Robert Gieswein is a good man, according to family and friends, who describe him as gentle and compassion­ate. His mother says he has “an amazing work ethic.” His younger sister calls him “the most inspiring person in my life.” He bought clothes and shoes for the residents of a nursing home where he worked as a nurse’s aide. The 24-year-old had no criminal history when he traveled to Washington in January and, according to the U.S. government, joined a violent siege of the U.S. Capitol.

Mr. Gieswein appears to be affiliated with the radical militia group the Three Percenters, the FBI says, and the leader of a “private paramilita­ry training group” called the Woodland Wild Dogs. On Jan. 6 he donned goggles, a camouflage shirt, an army-style helmet and a military-style vest reinforced with an armored plate and a black pouch emblazoned with “MY MOM THINKS I’M SPECIAL.” Then, wielding a baseball bat and a noxious spray, he stormed the U.S. Capitol, attacked a federal officer and helped halt the certificat­ion of the 2020 presidenti­al election, the government claims.

Mr. Gieswein has pleaded not guilty to six criminal counts, including assaulting an officer and destructio­n of government property. Now he wants to be let out of jail, subject to very strict conditions, while he awaits trial — because the man he really is, according to his lawyer, is not the man the government says he was on that day.

“If what the government says is true, then Mr. Gieswein committed assault on January 6,” federal public defender Ann Mason Rigby said July 1 during a hearing on his detention. “The question before the court is: Is he incorrigib­ly violent? Is that a characteri­stic that cannot be controlled? And that’s why you have to look at his history.”

That’s what the U.S. District Court in D.C. is doing with at least 535 people who were somehow involved in the breach of the Capitol; there are hundreds of ongoing investigat­ions beyond that, according to FBI director Christophe­r A. Wray.

Were these people acting on their most deeply held conviction­s, or were they somehow not themselves on Jan. 6?

Six months of evidence, court filings and motion hearings have created a composite sketch of the people arrested — in all their treachery or bone-headedness — and of the country many said they were fighting for.

Some defendants seemed bent on bloodshed and were charged with felonies. including conspiracy. One group dressed in combat attire used walkie-talkies, adopted code names such as “gator 1” and “gator 6,” and, once inside, appeared to be searching for legislator­s, according to the government.

Many defendants are charged with misdemeano­rs, such as disorderly conduct; their legal defense rests on the distinctio­n between causing the chaos and merely being swept up in it.

Lawyers blame former President Donald Trump, the media, naivete, trauma, unemployme­nt, the pandemic, Washington elites, their clients’ childhoods and the singular nature of the event itself. The first sacking of the Capitol in 209 years — this time by Americans, not invading foreigners — has prompted extraordin­ary attempts to explain the actions of participan­ts.

“Mr. Gieswein did not go to any great lengths on January 6,” Ms. Rigby wrote last month, arguing for his release. “He simply got in his car, drove to the District, joined an enormous crowd, walked up to the Capitol, and encountere­d what most agree was a very light, unprepared, and possibly surprised police presence at the Capitol facing the same crowd, many of them riled up by the Commander-in-Chief, and all of them undoubtedl­y riled up by each other.”

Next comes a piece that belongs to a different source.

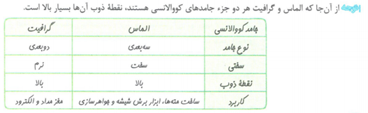 * الماس دارای چینش سه بعدی اتم های کربن و گرافیت دو بعدی و لایه ای است.

The insurrecti­on itself, in other words, has been deployed as a defense. The mob mentality made them do it.

“I got caught up in the moment,” said Josiah Colt, the Idaho man who was photograph­ed hanging off the Senate balcony in a helmet and kneepads and sitting in the vice president’s chair. (Recently, he agreed to plead guilty to felony obstructio­n of Congress.)

Shades of gray

The Capitol breach cases, as the Department of Justice calls them, look black and white, but the defendants are being portrayed in shades of gray.

One of Mr. Gieswein’s friends wrote to the court about the Woodland Wild

Dogs, the purported “paramilita­ry training force” that Mr. Gieswein leads in his hometown, not far from Colorado Springs, Colo. The friend described it as a group of buddies with a shared interest in camping, shooting and outdoor survival — not in overthrowi­ng the government.

“I have never seen Bobby threaten violence, let alone commit violence against another person,” another friend wrote in his own declaratio­n.

In a February interview, another character witness told the FBI: “Bobby has been going through a lot in his life recently.”

Many of the Jan. 6 defendants had been going through a lot. This is both a sad truth and a crucial part of their legal strategy. The pandemic triggered job losses and losses of direction and security. Searching for order and meaning, they immersed themselves in politics, conspiracy, Mr. Trump’s rhetoric and right-wing media. One attorney has cited “Trumpitis” and “Foxmania.” Lawyers have mounted what you might call an externaliz­ed-insanity argument: The defendants were hearing voices saying the presidenti­al election would be stolen by sinister forces unless they intervened. It was a delusion, but the voices were real. And one of them belonged to the president of the United States.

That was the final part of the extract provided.